Jun 12, 2026 - 00:17

Jun 2, 2026 - 12:15

Why Proxies Get Blocked: The Full Picture {#why-blocked}
Rotate Proxies to Avoid Rate Limits {#rotate-proxies}
Fix Your TLS Fingerprint (JA3/JA4) {#tls-fingerprint}
- Session-based usage with curl_cffi
Set Consistent HTTP Headers {#consistent-headers}
Respect Crawl Rates and robots.txt {#crawl-rate}
Handle Cookies and Sessions Correctly {#cookies-sessions}
Avoid Common Bot Detection Signals {#bot-signals}
- Headless browser detection (Selenium / Playwright)
- Other bot signals to eliminate
Check for Proxy Header Leaks {#header-leaks}
Test Whether You Are Being Detected {#detection-test}
Common Blocking Patterns and How to Respond {#blocking-patterns}
About the Author

Why Proxies Get Blocked: The Full Picture {#why-blocked}

Most people trying to avoid proxy blocks focus entirely on the IP — rotating more proxies, switching providers, trying residential instead of datacenter. That fixes maybe 30% of blocks. The other 70% come from fingerprinting signals that have nothing to do with the IP address. Cloudflare, Akamai, DataDome, and PerimeterX all fingerprint your TLS handshake, HTTP headers, and browser behavior before they even look at the IP. This guide covers every layer of proxy detection bypass — from TLS fingerprinting to cookie handling — with code for Python and browser automation.
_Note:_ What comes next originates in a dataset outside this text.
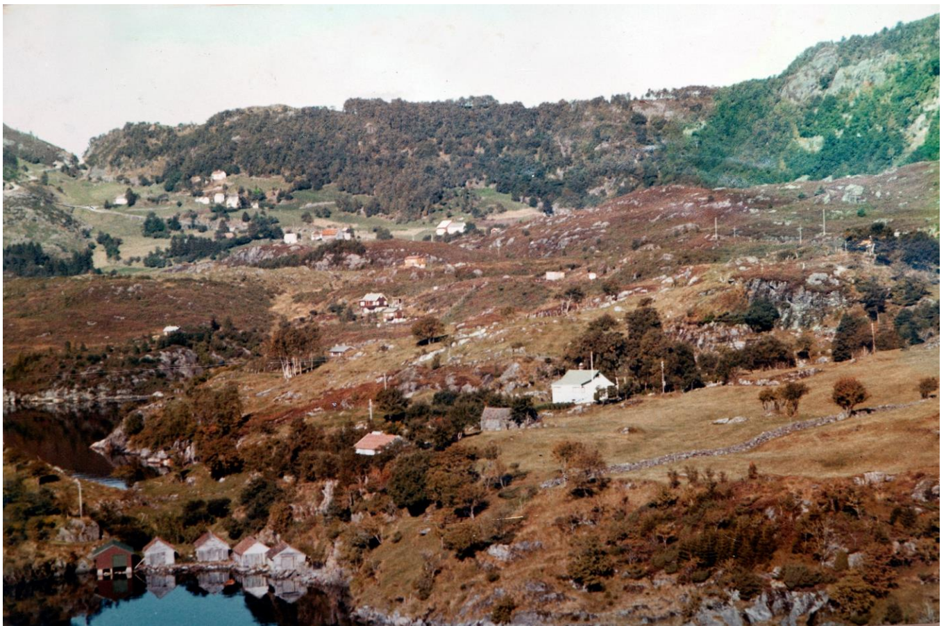
SELLEVOLL: I minst eit par hundre år har vegen til Trossevikje vore viktig og nyttig. Flyfotoet (bildet) over Sellevoll er frå tidleg på 1960-talet med Litleskare i bakgrunnen. Naustrekka nede til venstre er Trossevika, og bak ser ein Lammevågen.

I 1936 og 1937 fekk dei nødsarbeid på Sellevoll for å utbetre den gamle sjøvegen. Vegen som ved utskiftninga i 1880 hadde gått over Balane eigna seg dårleg som køyreveg etterkvart som utviklinga gjekk framover, og fleire av bruka hadde behov for betre tilkomst til inn -og utmarksteigane sine. Det vart difor ei utskiftning på vegen som førte til at den "nye" vegen vart lagt aust for Balhaugen og ned langs hovedgrøfta ovanfor dalføret. Den «nye» sjøvegen vart ei god løysing for bøndene på Sellevoll. Vegen, som var i god forfatning, har med åra kollapsa fleire stader. Til dels på grunn av tidas tann, men også på grunn av høg vassføring og flaum som følge av tette grøfter. (kjelde: Ove Walle )

Sites use multiple independent detection layers. A proxy can fail any one of them regardless of how clean the IP is:

| Detection Layer | What Is Checked | How to Pass |

|---|---|---|

| IP reputation | IP in blocklists, ASN flagged as datacenter | Use clean datacenter IPs; rotate frequently |

| TLS fingerprint (JA3/JA4) | TLS client hello parameters — cipher suites, extensions, curves | Match browser TLS fingerprint with curl_cffi or tls-client |

| HTTP headers | User-Agent, Accept, Accept-Language, Accept-Encoding consistency | Send a full, internally consistent browser header set |

| HTTP version | HTTP/1.1 vs HTTP/2 vs HTTP/3 | Use HTTP/2 (httpx) to match modern browsers |

| Request rate | Requests per second per IP | Add delays; rotate proxies per request or per domain |

| Cookie/session consistency | Same session ID, different IP = suspicious | Bind one proxy to one session; reset cookies with proxy |

| JavaScript / browser behavior | navigator.webdriver, canvas fingerprint, mouse events | Use undetected-chromedriver or Playwright with stealth patch |

| Proxy headers (X-Forwarded-For) | Real IP leaked in proxy headers | Use proxies that strip these headers |

Changing the proxy only fixes the first row. The others require changes to your HTTP client or browser configuration.
Rotate Proxies to Avoid Rate Limits {#rotate-proxies}

Rate-based blocks are the most common and the easiest to fix. A target site counts requests per IP per time window — typically 10–100 requests per minute before triggering a CAPTCHA or 429.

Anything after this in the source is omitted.